As minimally invasive cardiac surgery continues to increase in popularity, monitoring practice guidelines will be developed. Several monitoring combinations could allow diagnosis of potential problems. The use of a right radial arterial cannula should facilitate detection of innominate artery obstruction. This may not always be the case, however, as a reduction in overall CPB flow may also cause a reduction in right radial artery mean arterial pressure (MAP), despite otherwise unobstructed flow. Bilateral radial artery cannulation may have a theoretical benefit in this situation as a difference in blood pressure between the two may indicate partial obstruction of the innominate artery. However, there are other reasons for blood pressure discrepancies between the two sites, particularly in patients with atherosclerosis.
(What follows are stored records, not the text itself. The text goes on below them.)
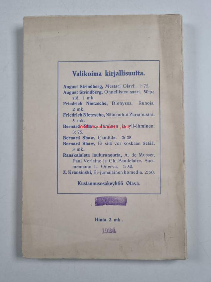 Hyvä. Selkämyksessä aavistus vinoutta, kansien reunoilla taittumaa (koska ohuehkot kannet sivuja leveämmät), sivut vielä leikkaamatta auki eli lukematon kirja
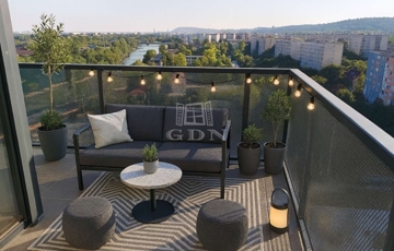 A nappaliból és a hálószobákból egyaránt közvetlen kijárat nyílik a 18 m²-es panorámás erkélyre, amely tökéletes helyszín a reggeli kávéhoz vagy esti naplementéhez.
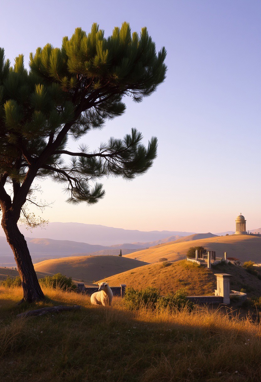 A shepherd resting beneath a cypress tree, overlooking gentle hills under a lavender sky., romanticism, poetic landscape, Italian countryside, soft golden light, classical ruins, serene atmosphere, symbolic natural scenes, melancholic tone, harmonious composition, early evening glow, pastoral serenity, muted colors, spiritual naturalism, pre-Raphaelite influence, idealized nature, 19th century Italian art
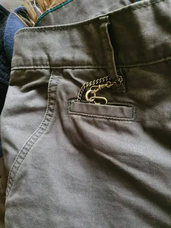 El caso es que me ha dado por los relojes de bolsillo, suelo llevar chinos que me he fijado que tienen el bolsillo para guardar el reloj y con la tontería voy más de una vez dando un poco la nota
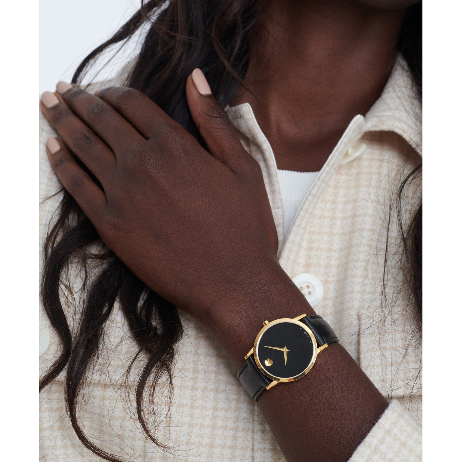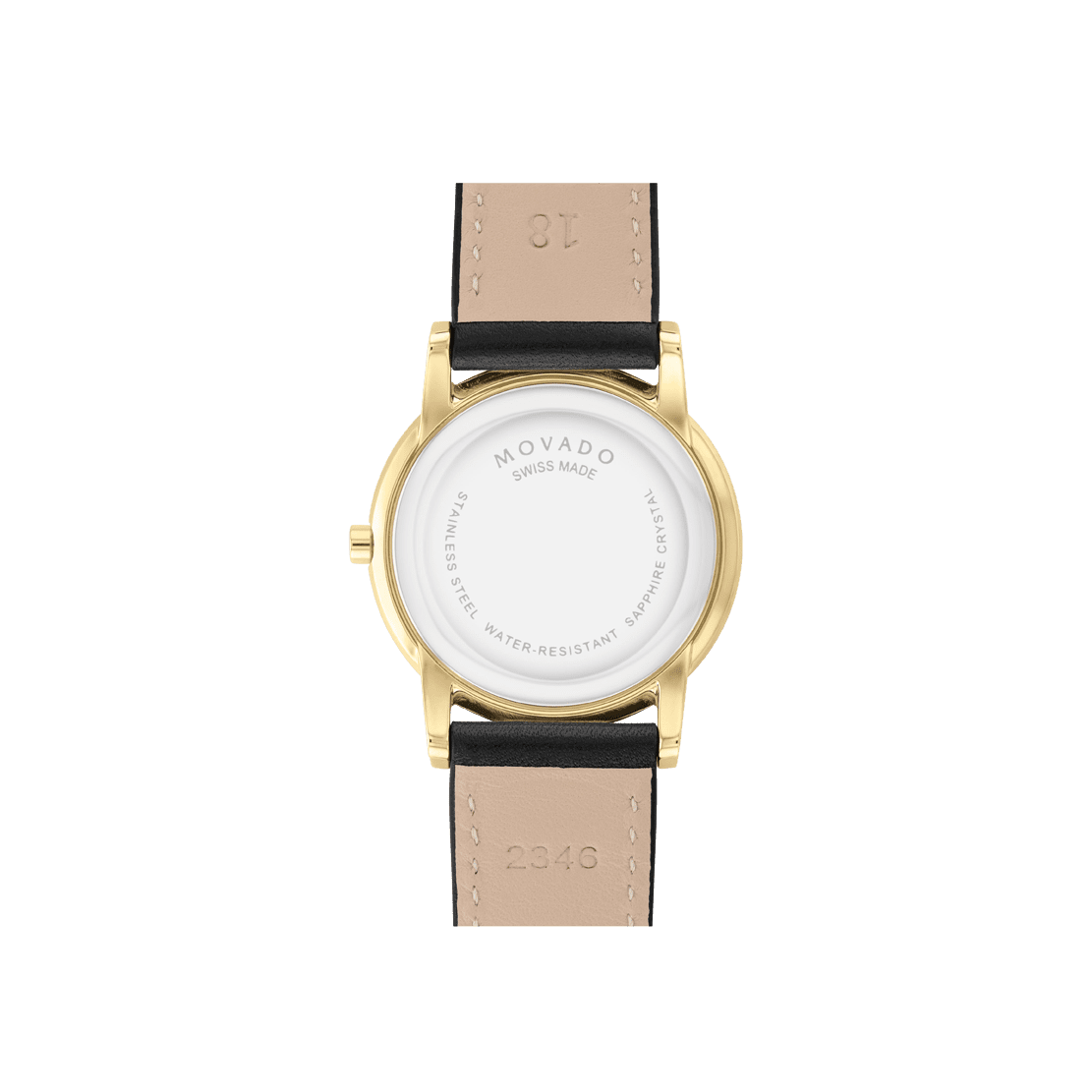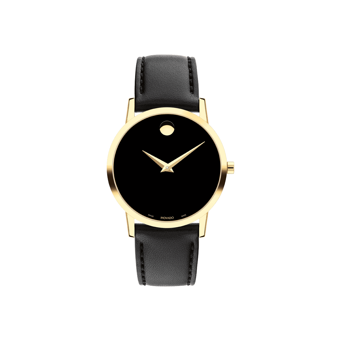Movado Museum Classic, 33mm yellow gold PVD-finished stainless steel case with black Museum dial on a black calfskin leather strap.
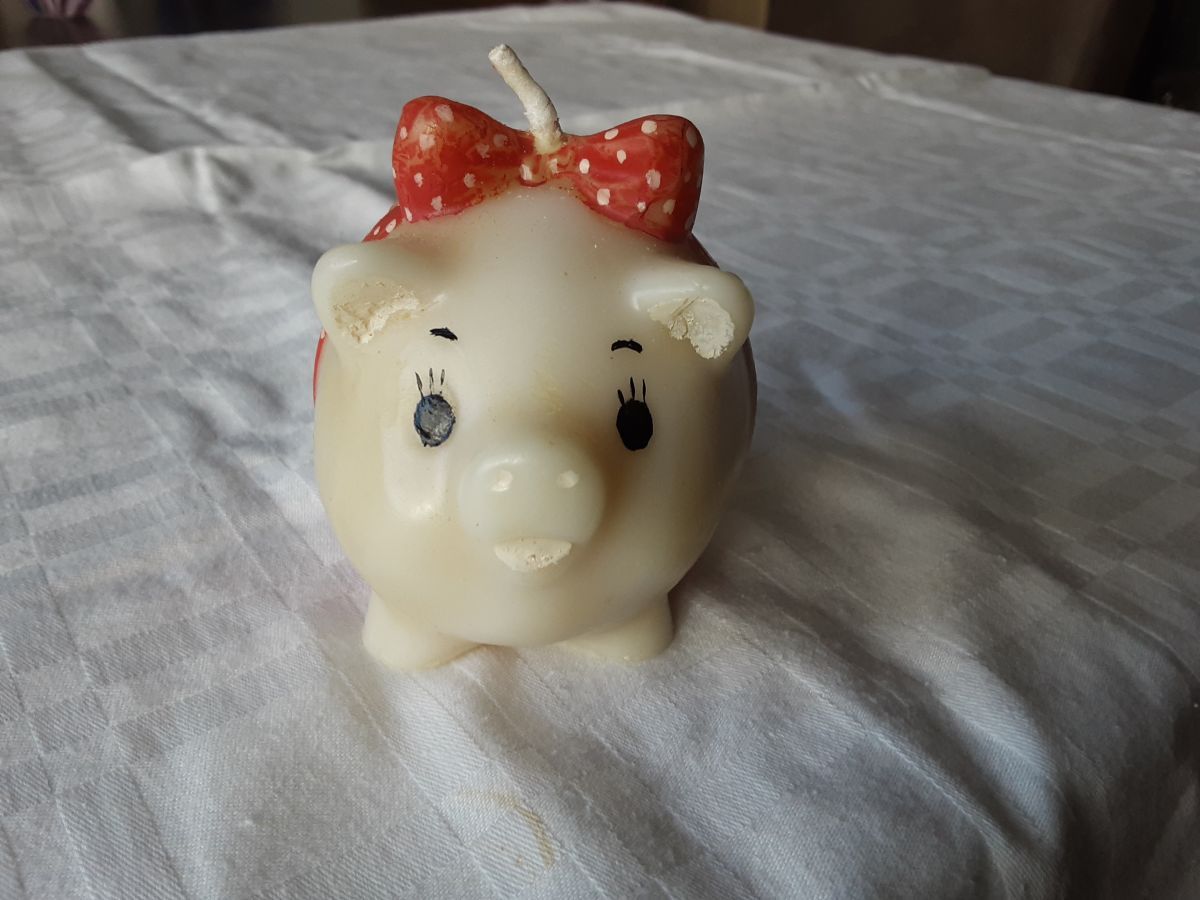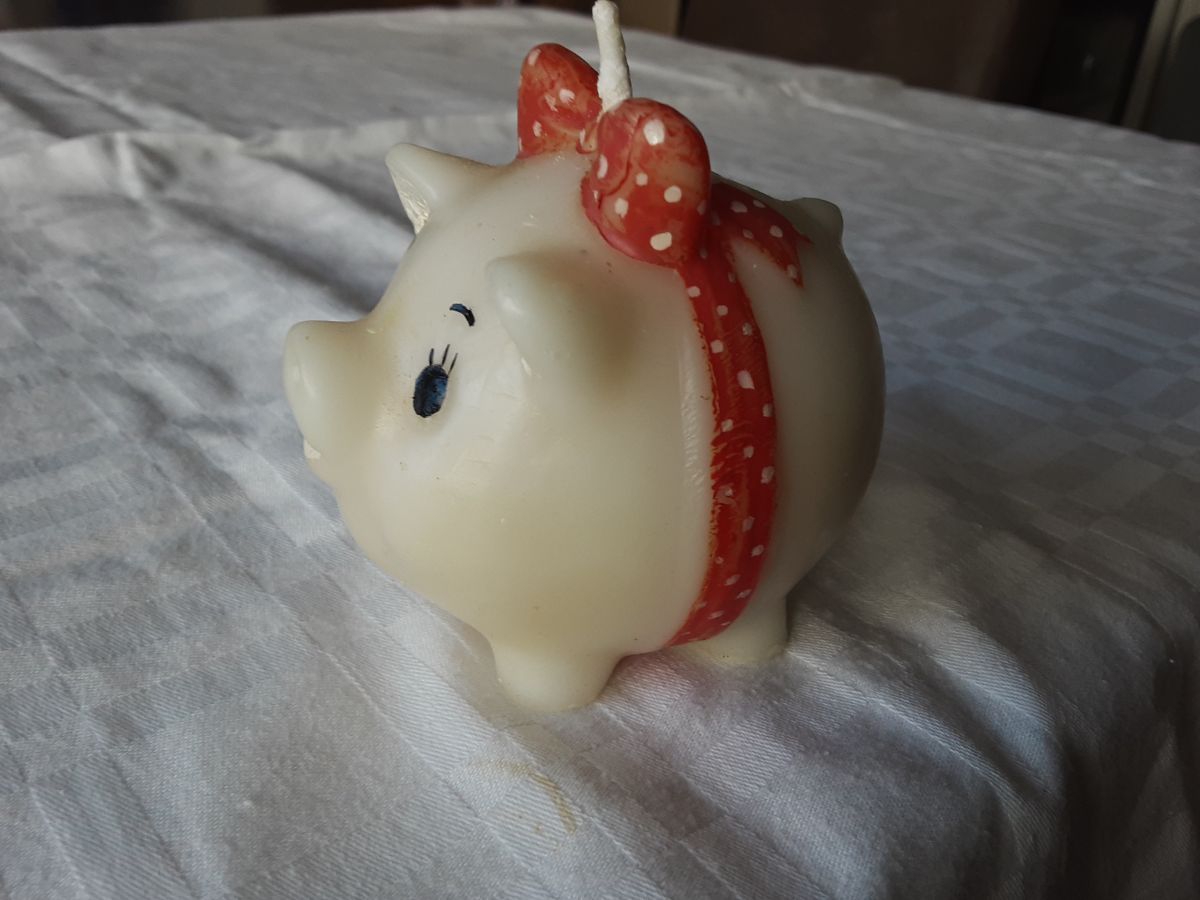 Daruji za odvoz starší svíčku - kulaťoučké prasátko s puntíkovanou mašlí, 8 cm.
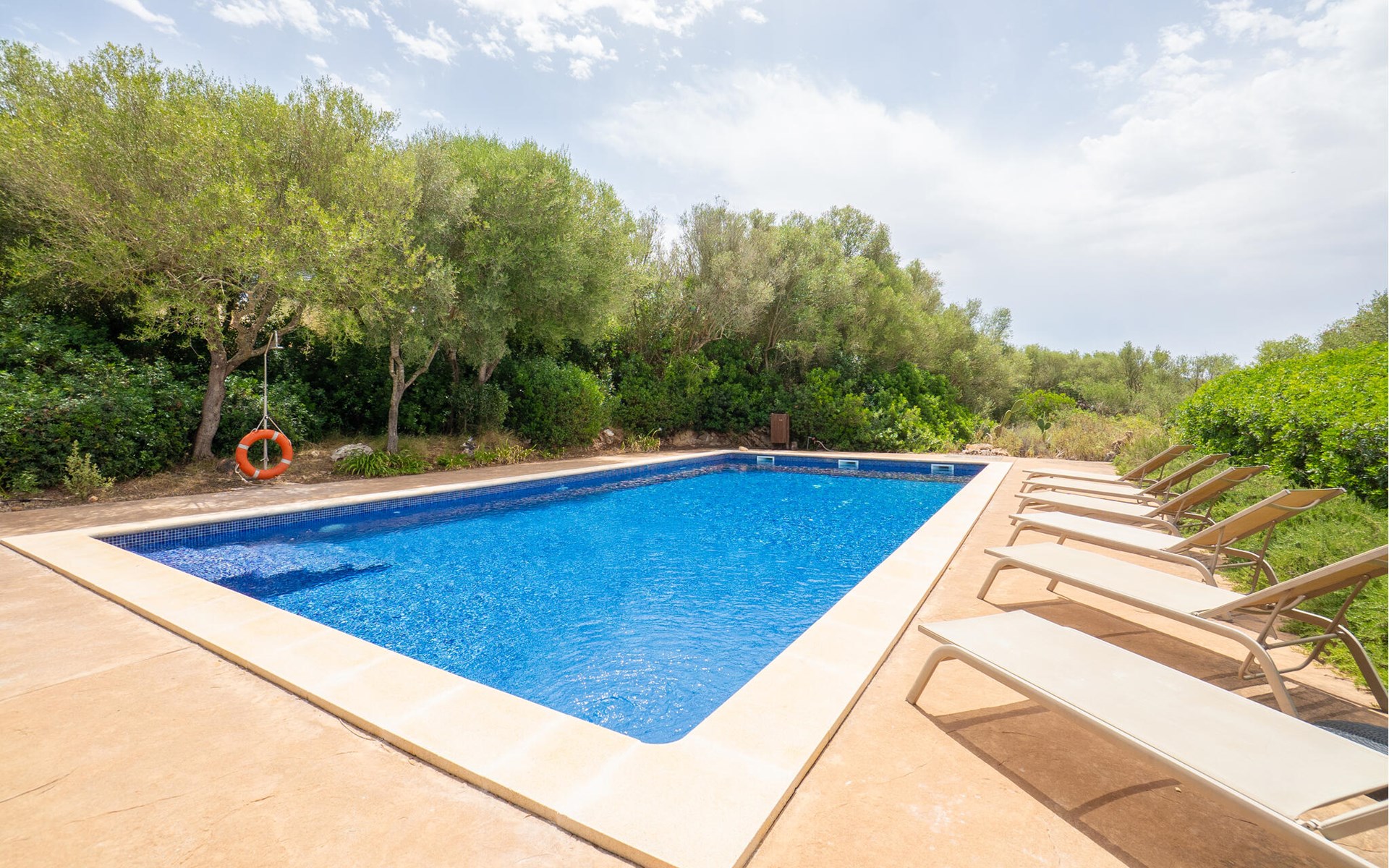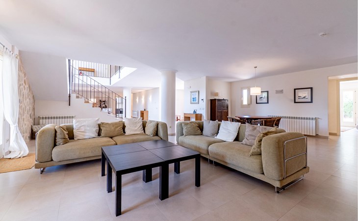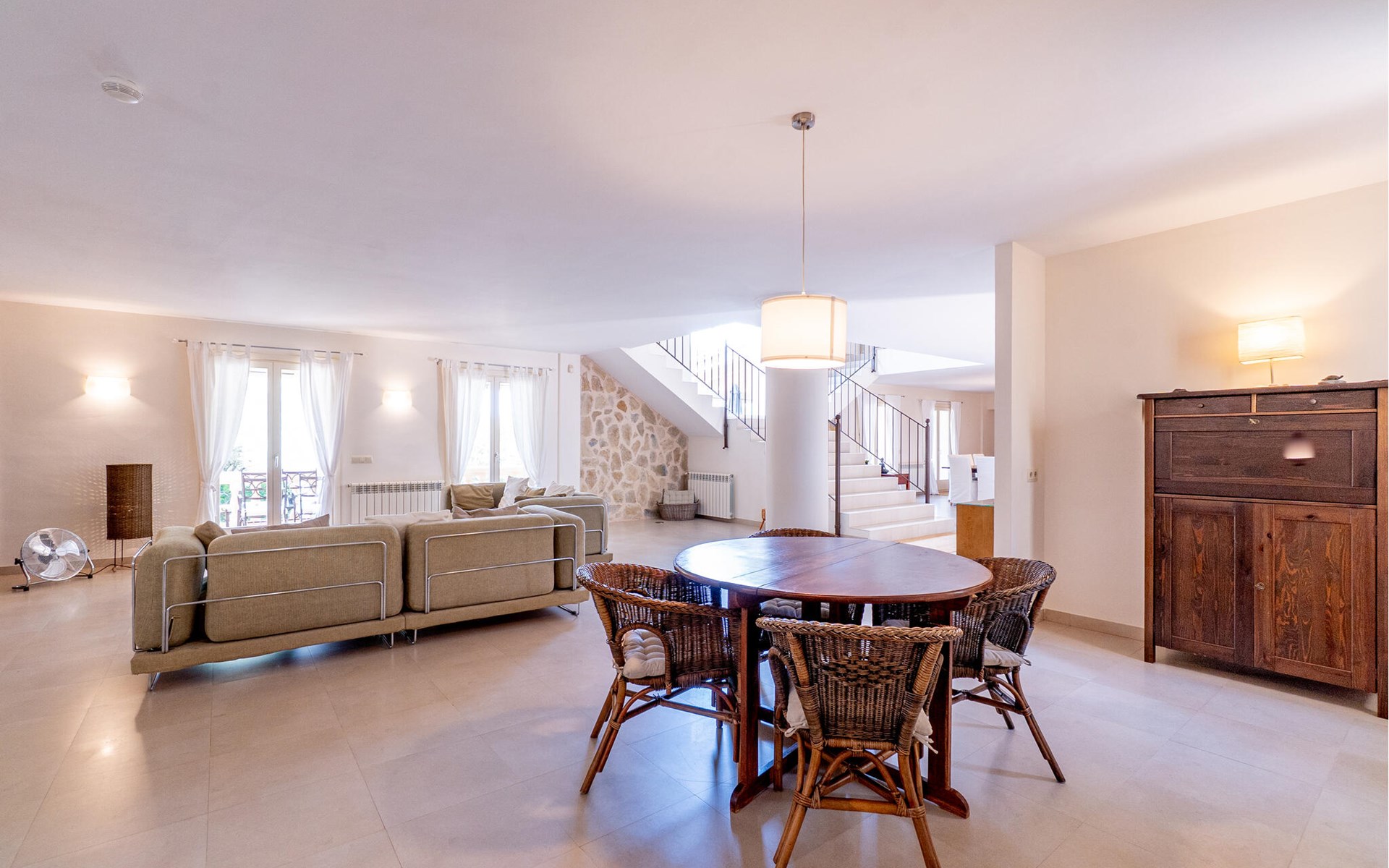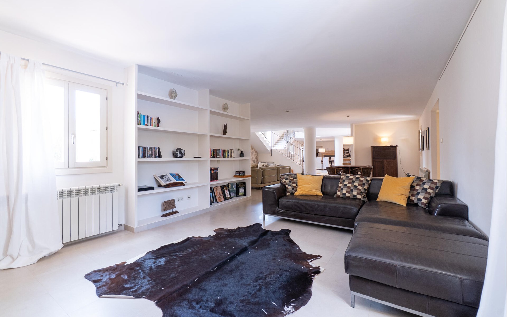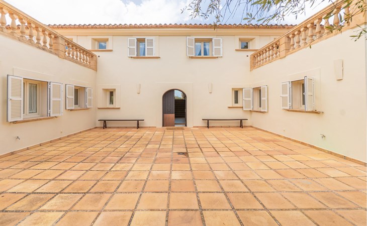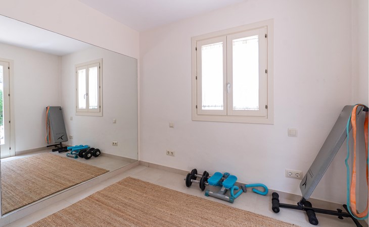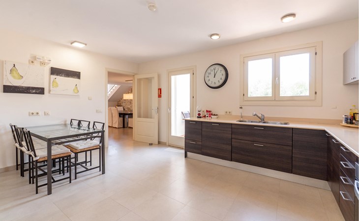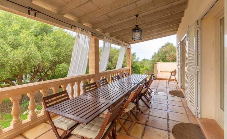 Eingebettet in ein großes, idyllisches Grundstück, das Ihnen maximale Privatsphäre verschafft, heißt Sie diese komfortable mallorquinische Finca willkommen. Dieses traumhafte Anwesen verwöhnt Sie mit allem, was einen Urlaub auf der bezaubernden Mittelmeerinsel zu einem unvergesslichen Erlebnis macht, und bietet reichlich Platz für geselliges Beisammensein – auch mit einer größeren Gruppe von Ruhesuchenden. Treten Sie ein und lassen Sie sich vom hellen und geschmackvoll eingerichteten Interieur begeistern. In der geräumigen Küche können Sie gemeinsam kulinarische Highlights aus frischen Zutaten vom Markt zubereiten und an einem der vielen Essplätze servieren. Gönnen Sie sich nach ausgedehnten Mahlzeiten eine erholsame Siesta in Ihrem behaglichen Schlafzimmer oder nutzen Sie die Trimmgeräte für Ihr Workout. Plaudern Sie vor dem Kamin über vergangene Zeiten oder ziehen Sie sich für einen Film oder ruhige Lesestunden ins einladende TV-Zimmer zurück.

A baseline difference would make any changes more difficult to interpret. TCD monitoring, identifying a sudden asymmetrical velocity profile, proved useful in this case. However, bilateral TCD may not available in all centers, is expensive, and is operator-dependent with a significant failure rate in obtaining a good quality TCD signal in all patients. As an alternative to bilateral TCD, unilateral right MCA TCD or Doppler ultrasonography of the carotid arteries (unilateral right or bilateral) could also be performed.
Aortic balloon placement can be confirmed with intermittent TEE or fluoroscopy. The combined use of fluoroscopy, TEE, TCD/carotid Doppler, and right (or bilateral) radial arterial cannula may allow early detection of malposition or migration with possible prevention of cerebral ischemia. Electroencephalography (EEG) might also be used to identify arterial obstruction with the onset of an cerebral ischemic EEG changes. However, availability and the need for qualified interpretation limit its usefulness. Although several monitoring modalities can be used, alone or in combination, firm recommendations on the best strategies must await prospective evaluations.